### DESCRIPTION OF THE TASK
Every record that follows is to be copied exactly, with the pictures omitted.

◆ ◆ ◆ ◆

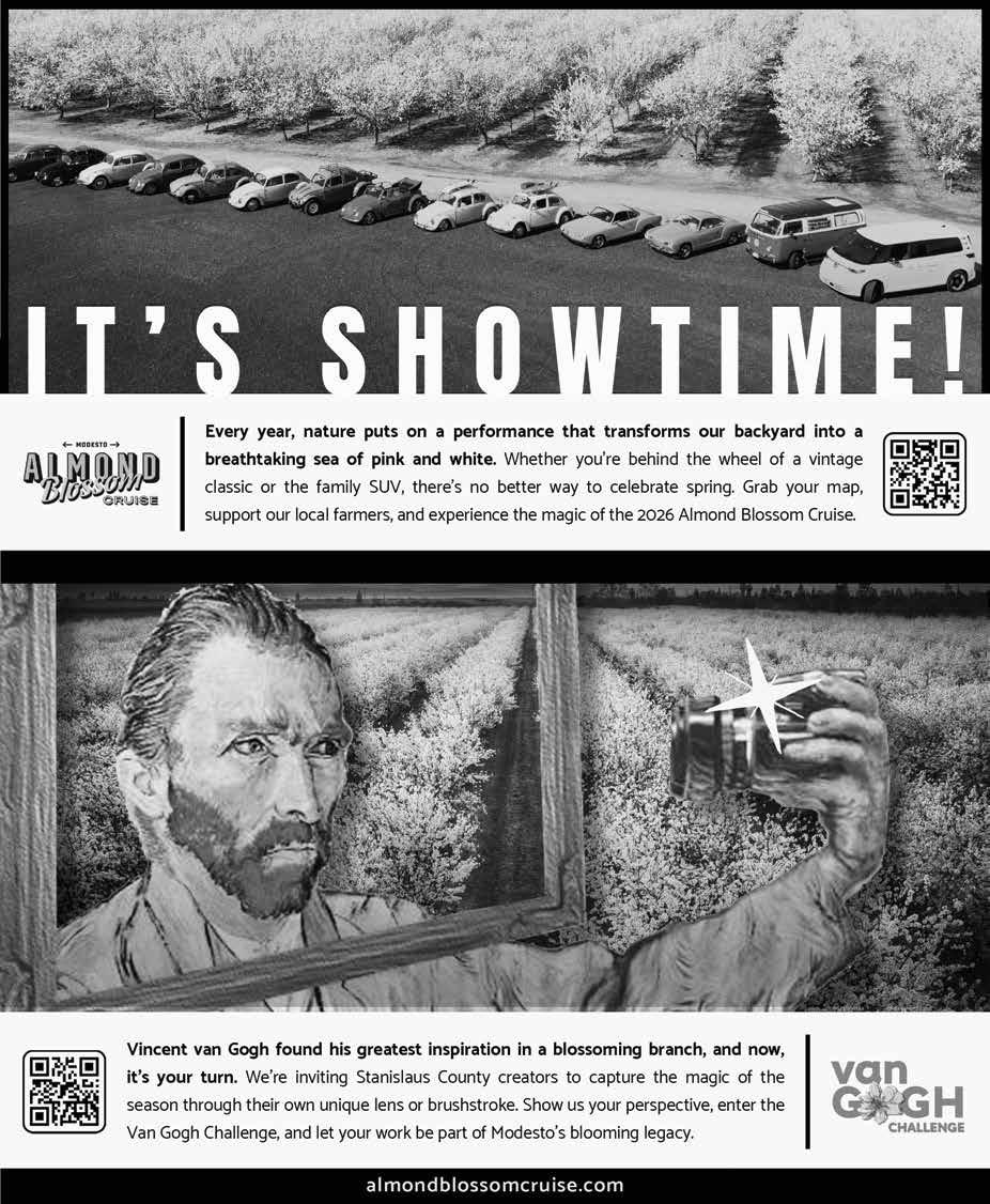 THE UNFILTERED VALENTINE’S ESCAPE. LOOKING FOR A CHANGE TO THE DINNER RUSH AND ROSES? THIS FEBRUARY, GIVE A GIFT THAT ACTUALLY BREATHES...THE ALMOND BLOSSOM CRUISE. IT’S A FOUR-HOUR SCENIC ESCAPE THROUGH STANISLAUS COUNTY’S STUNNING PINK AND WHITE HEARTLAND. WHETHER FOR YOUR VALENTINE OR YOURSELF, THE VISUAL POWER OF THESE ORCHARDS IN PEAK BLOOM IS A FLEETING, FESTIVE MIRACLE. IT’S THE PERFECT, STRESS-FREE DATE WITH ZERO HASSLE AND INFINITE PHOTO OPS. SCAN THE QR CODE TO ENTER OUR CONTEST FOR THE AUDIOBOOK HEAR REAL LOCAL STORIES AND DISCOVER WHY THIS REGION PRODUCES 80% OF THE WORLD’S ALMONDS. DON’T JUST DRIVE; EXPERIENCE THE SOUL OF MODESTO. STOP AND SEE THE BLOSSOMS.
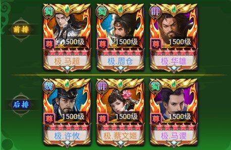 在新手阵容的基础上进行了升级,将前排全部换为强力输出战士,后排黄月英华佗双重奶妈回复血量,对挑战强力BOSS有奇效。
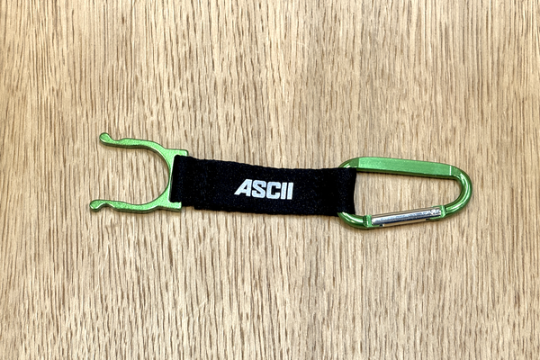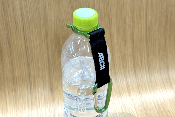 ノベルティグッズの2つ目は「カラビナ(ペットボトルホルダー)」です。ペットボトル飲料を持ち歩くのに役立ちます。
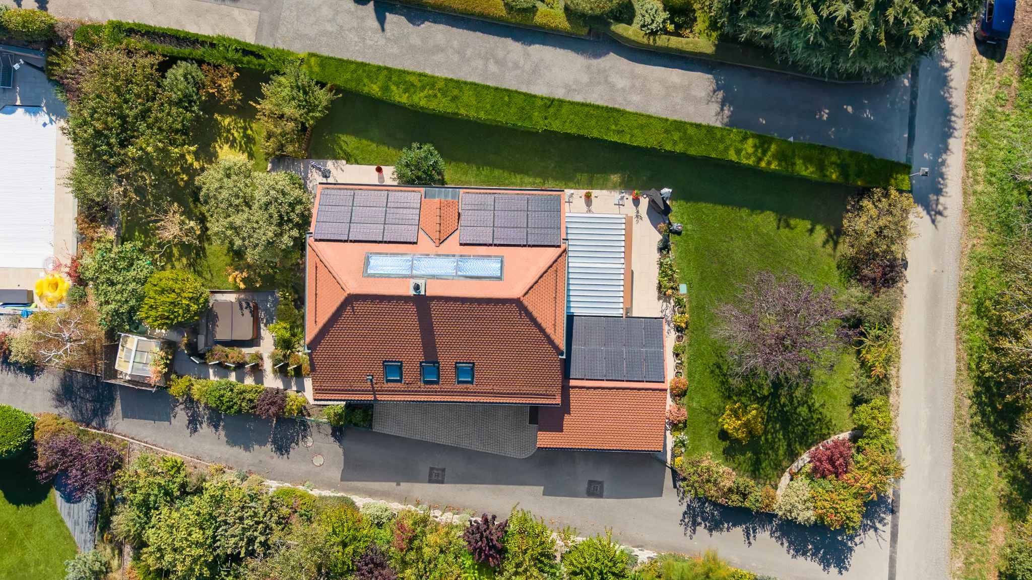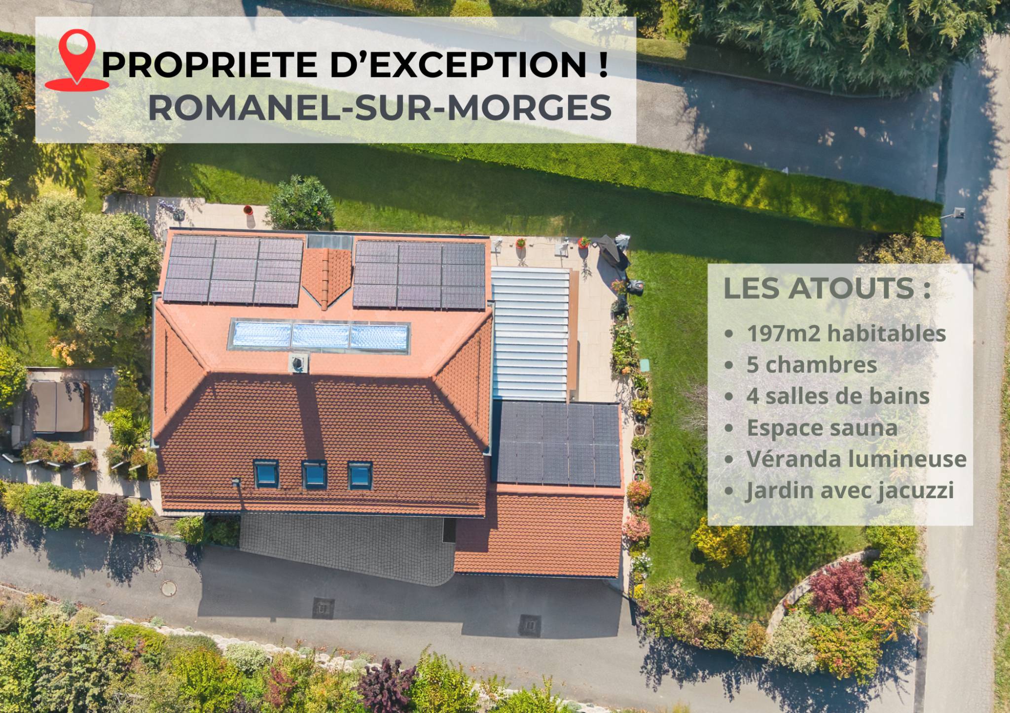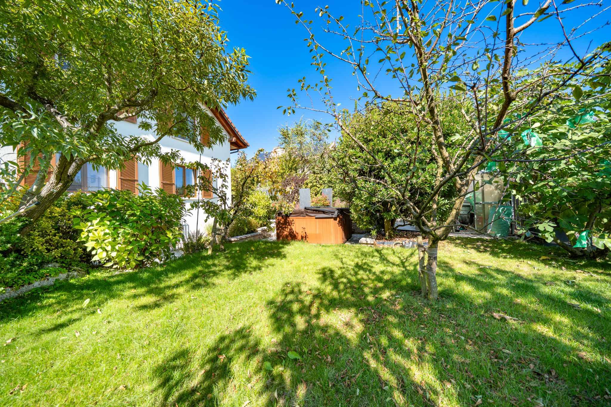 A l’extérieur le jardin arboré, soigneusement entretenu, est agrémenté d’un jacuzzi, invitant à la détente tout au long de l’année. Son exposition plein sud garantit une luminosité optimale du matin au soir.
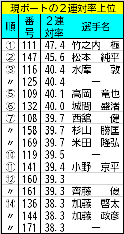 そこで、現ボートの2連対率上位を表にしてみました。近況、急激に成績を伸ばしていた119番が出場していないのは残念ですが、良艇のほとんどが登場しています。手にした選手の名前を見てみると機力が悪い選手は一人も見当たりません。良艇効果は水を吸って重くなるシリーズの後半になればなるほど大きくなるので、ここに名前が挙がるメンバーは最後まで注目しましょう。
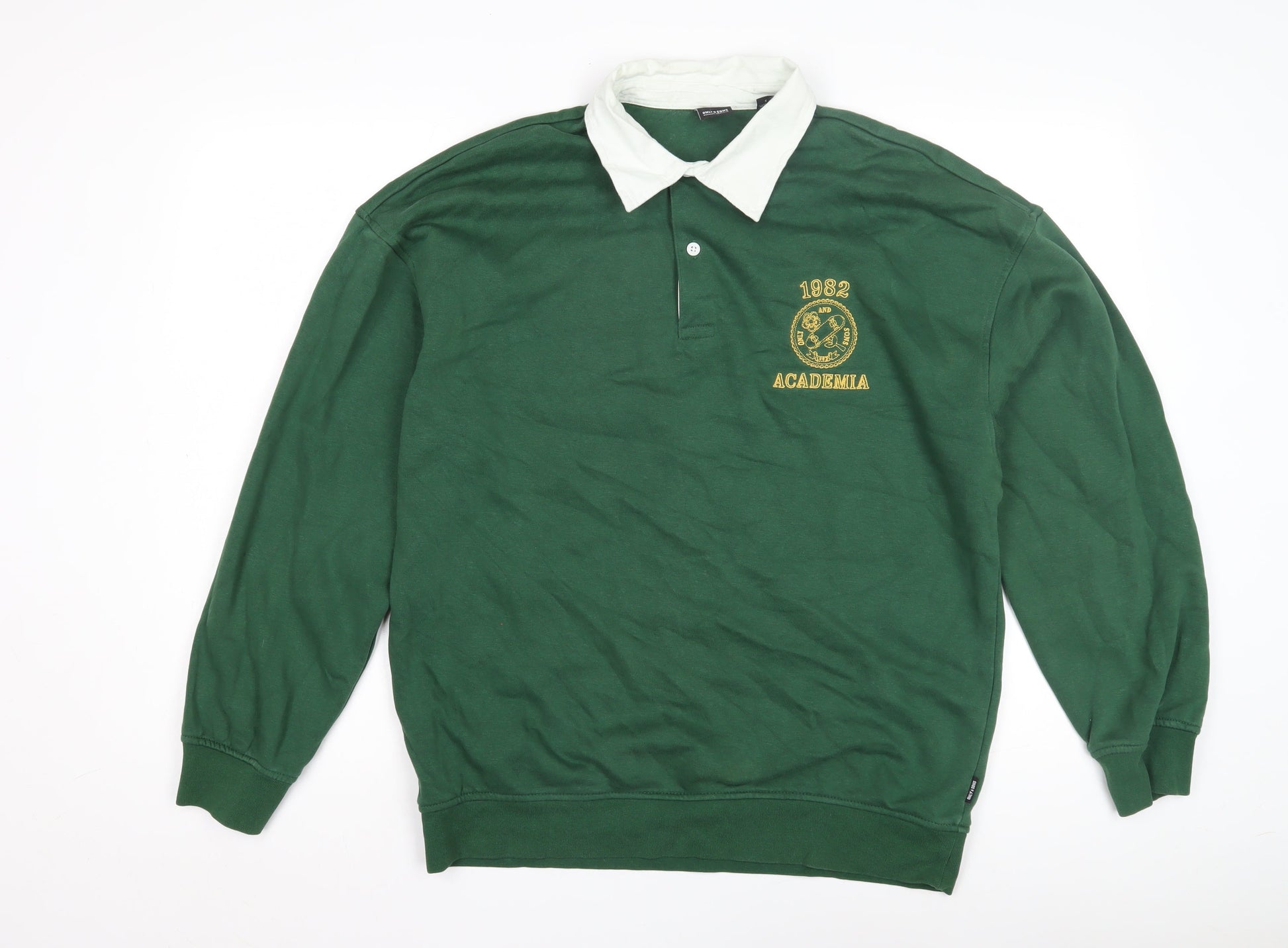 Only & Sons Green Polo Men S Embroidered Long Sleeve

◆ ◆ ◆ ◆

### EXERCISE RESULT
 THE UNFILTERED VALENTINE’S ESCAPE. LOOKING FOR A CHANGE TO THE DINNER RUSH AND ROSES? THIS FEBRUARY, GIVE A GIFT THAT ACTUALLY BREATHES...THE ALMOND BLOSSOM CRUISE. IT’S A FOUR-HOUR SCENIC ESCAPE THROUGH STANISLAUS COUNTY’S STUNNING PINK AND WHITE HEARTLAND. WHETHER FOR YOUR VALENTINE OR YOURSELF, THE VISUAL POWER OF THESE ORCHARDS IN PEAK BLOOM IS A FLEETING, FESTIVE MIRACLE. IT’S THE PERFECT, STRESS-FREE DATE WITH ZERO HASSLE AND INFINITE PHOTO OPS. SCAN THE QR CODE TO ENTER OUR CONTEST FOR THE AUDIOBOOK HEAR REAL LOCAL STORIES AND DISCOVER WHY THIS REGION PRODUCES 80% OF THE WORLD’S ALMONDS. DON’T JUST DRIVE; EXPERIENCE THE SOUL OF MODESTO. STOP AND SEE THE BLOSSOMS.
 在新手阵容的基础上进行了升级,将前排全部换为强力输出战士,后排黄月英华佗双重奶妈回复血量,对挑战强力BOSS有奇效。
 ノベルティグッズの2つ目は「カラビナ(ペットボトルホルダー)」です。ペットボトル飲料を持ち歩くのに役立ちます。
 A l’extérieur le jardin arboré, soigneusement entretenu, est agrémenté d’un jacuzzi, invitant à la détente tout au long de l’année. Son exposition plein sud garantit une luminosité optimale du matin au soir.
 そこで、現ボートの2連対率上位を表にしてみました。近況、急激に成績を伸ばしていた119番が出場していないのは残念ですが、良艇のほとんどが登場しています。手にした選手の名前を見てみると機力が悪い選手は一人も見当たりません。良艇効果は水を吸って重くなるシリーズの後半になればなるほど大きくなるので、ここに名前が挙がるメンバーは最後まで注目しましょう。
 Only & Sons Green Polo Men S Embroidered Long Sleeve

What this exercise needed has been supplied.